EXERCISE INSTRUCTIONS:
Copy out exactly the stretch below, from the line with "Elisabeth silver stud" through the line with "すべての駆動部品を保持するアルミハウジング構造により、不意な落下などの衝撃を受けても、内部部品の精度をしっかり保持。 | |||", both included; the pictures stay out.

INPUT DATA:
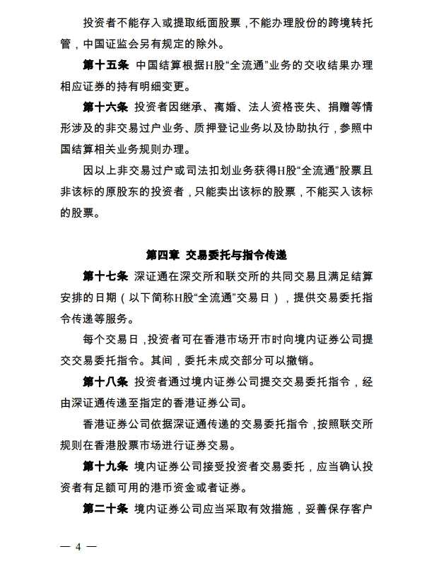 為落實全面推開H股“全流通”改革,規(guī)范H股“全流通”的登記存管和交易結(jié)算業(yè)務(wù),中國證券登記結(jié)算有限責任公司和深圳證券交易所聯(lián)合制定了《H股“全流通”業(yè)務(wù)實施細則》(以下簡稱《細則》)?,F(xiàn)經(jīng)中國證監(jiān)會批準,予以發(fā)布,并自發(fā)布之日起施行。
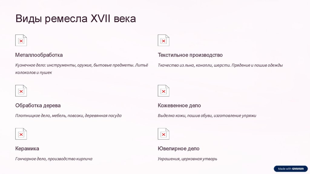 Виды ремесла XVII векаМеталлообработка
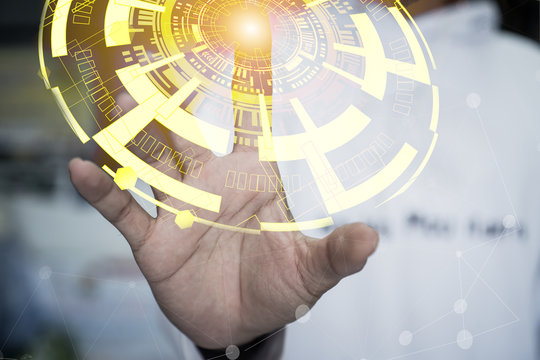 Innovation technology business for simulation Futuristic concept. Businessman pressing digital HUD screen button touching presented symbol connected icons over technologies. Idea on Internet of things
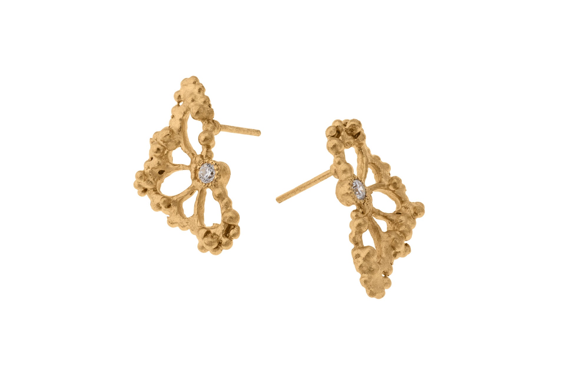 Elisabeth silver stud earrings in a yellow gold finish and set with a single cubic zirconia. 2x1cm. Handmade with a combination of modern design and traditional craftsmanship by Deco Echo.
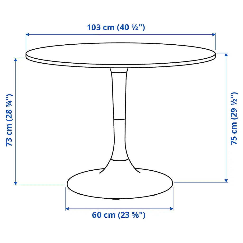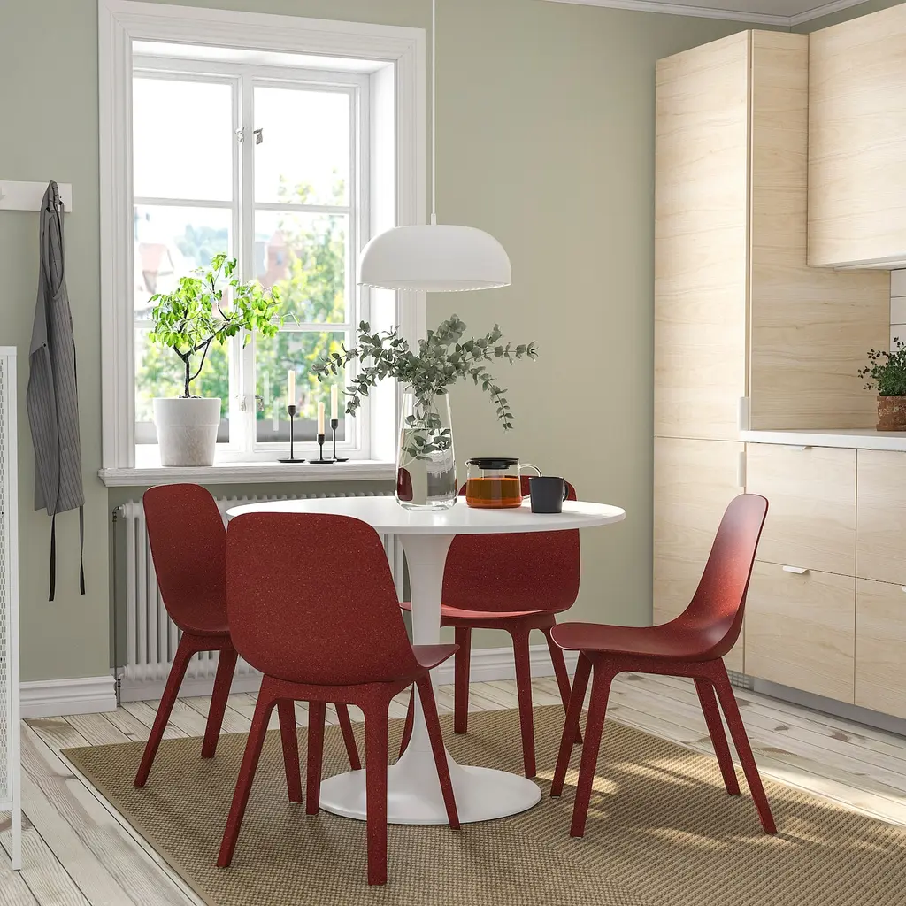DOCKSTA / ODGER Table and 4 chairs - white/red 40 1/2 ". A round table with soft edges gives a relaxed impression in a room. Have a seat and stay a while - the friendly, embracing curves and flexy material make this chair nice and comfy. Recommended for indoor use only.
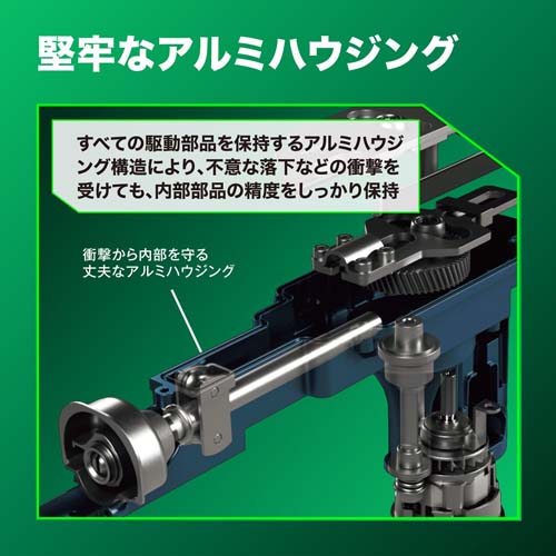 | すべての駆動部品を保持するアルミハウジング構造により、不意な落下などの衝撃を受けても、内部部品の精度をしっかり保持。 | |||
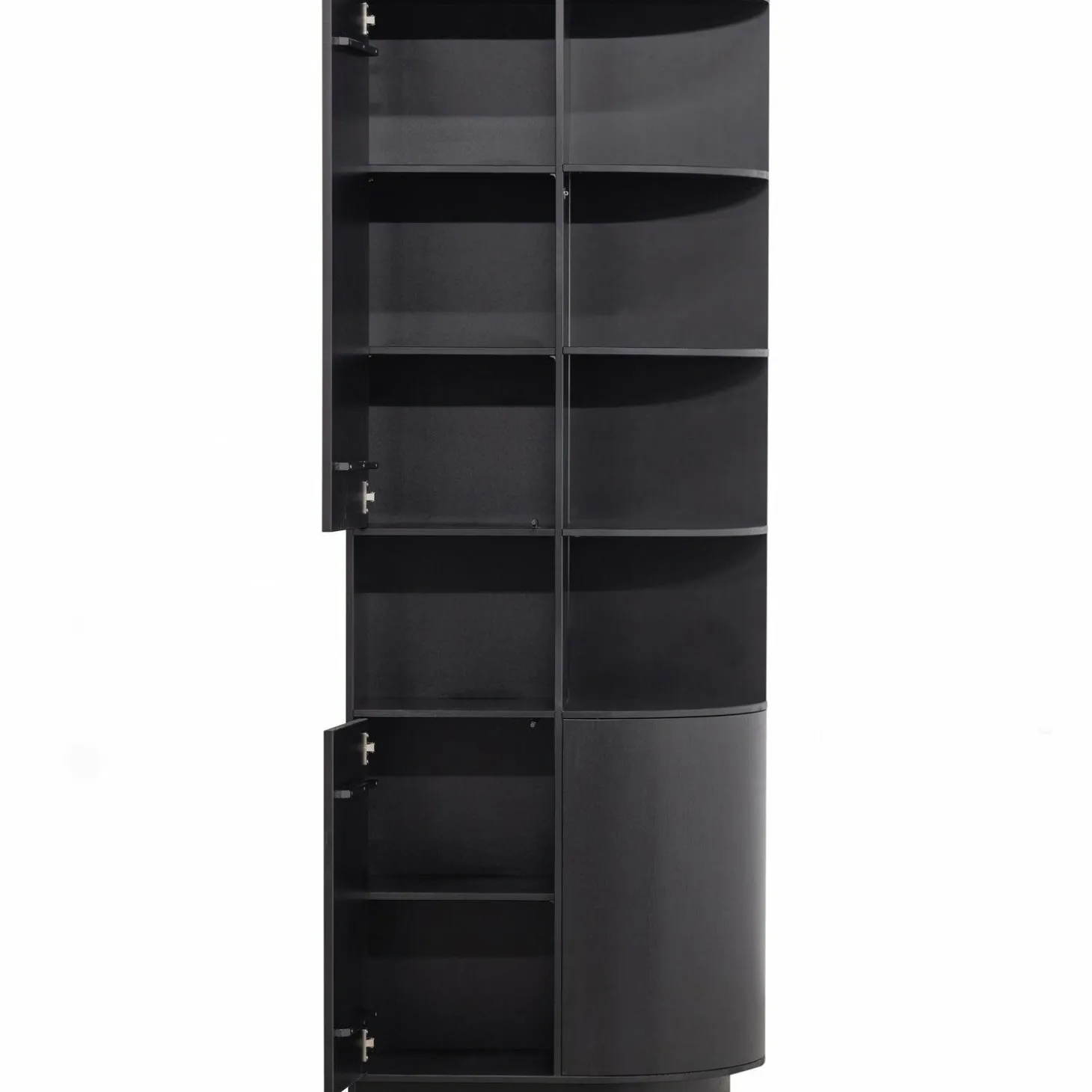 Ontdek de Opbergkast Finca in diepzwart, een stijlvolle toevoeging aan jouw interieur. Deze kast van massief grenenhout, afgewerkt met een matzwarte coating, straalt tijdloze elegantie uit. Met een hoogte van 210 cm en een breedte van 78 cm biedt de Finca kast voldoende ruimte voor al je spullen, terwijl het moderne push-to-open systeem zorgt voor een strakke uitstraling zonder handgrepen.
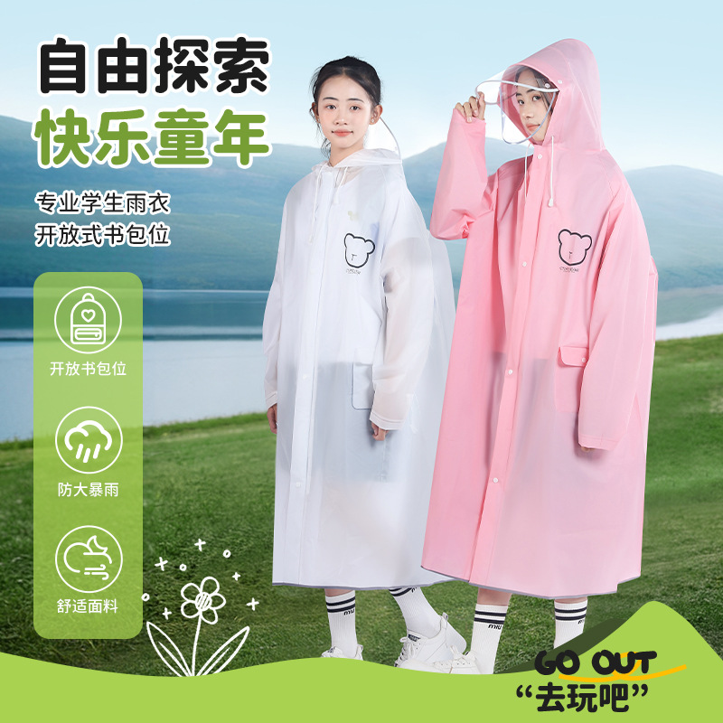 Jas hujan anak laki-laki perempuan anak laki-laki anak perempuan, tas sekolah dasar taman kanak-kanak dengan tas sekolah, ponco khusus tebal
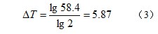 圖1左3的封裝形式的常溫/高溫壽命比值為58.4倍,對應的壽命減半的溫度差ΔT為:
* * *
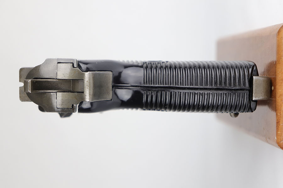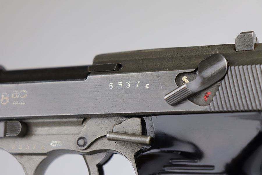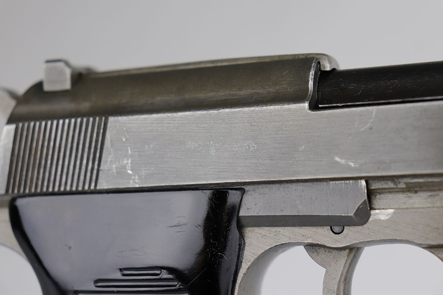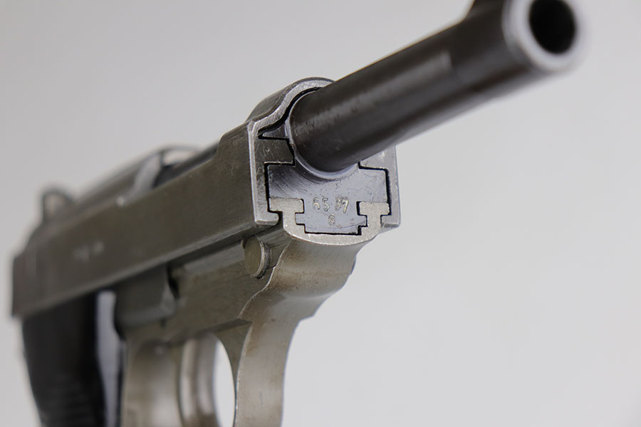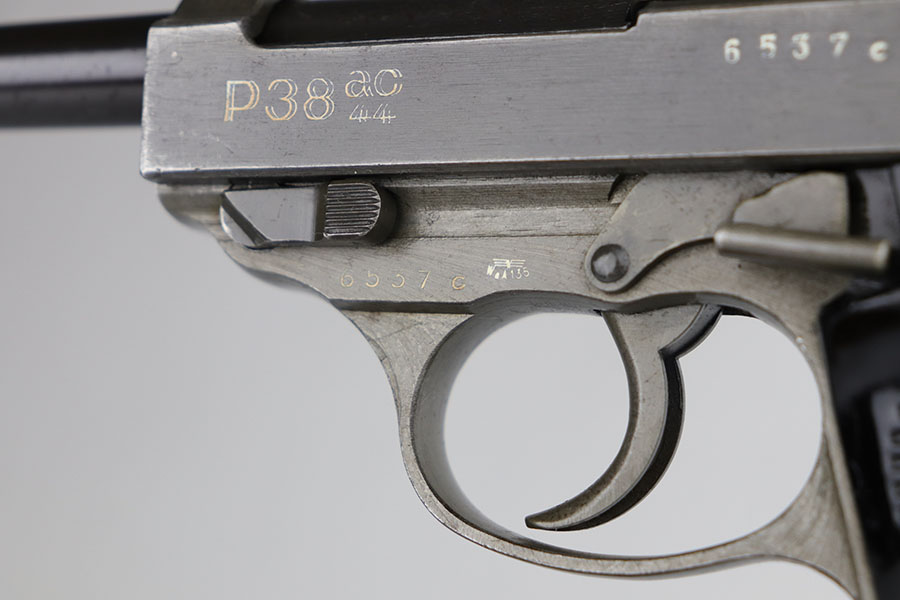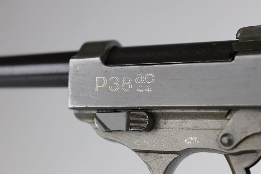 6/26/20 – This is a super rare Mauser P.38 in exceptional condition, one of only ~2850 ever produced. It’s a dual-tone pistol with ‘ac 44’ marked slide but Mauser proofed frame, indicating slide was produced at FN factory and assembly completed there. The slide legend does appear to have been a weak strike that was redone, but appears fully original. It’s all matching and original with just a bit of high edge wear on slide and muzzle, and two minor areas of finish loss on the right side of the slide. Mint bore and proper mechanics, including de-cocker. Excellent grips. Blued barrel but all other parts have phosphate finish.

EXERCISE RESULT:
 Elisabeth silver stud earrings in a yellow gold finish and set with a single cubic zirconia. 2x1cm. Handmade with a combination of modern design and traditional craftsmanship by Deco Echo.
DOCKSTA / ODGER Table and 4 chairs - white/red 40 1/2 ". A round table with soft edges gives a relaxed impression in a room. Have a seat and stay a while - the friendly, embracing curves and flexy material make this chair nice and comfy. Recommended for indoor use only.
 | すべての駆動部品を保持するアルミハウジング構造により、不意な落下などの衝撃を受けても、内部部品の精度をしっかり保持。 | |||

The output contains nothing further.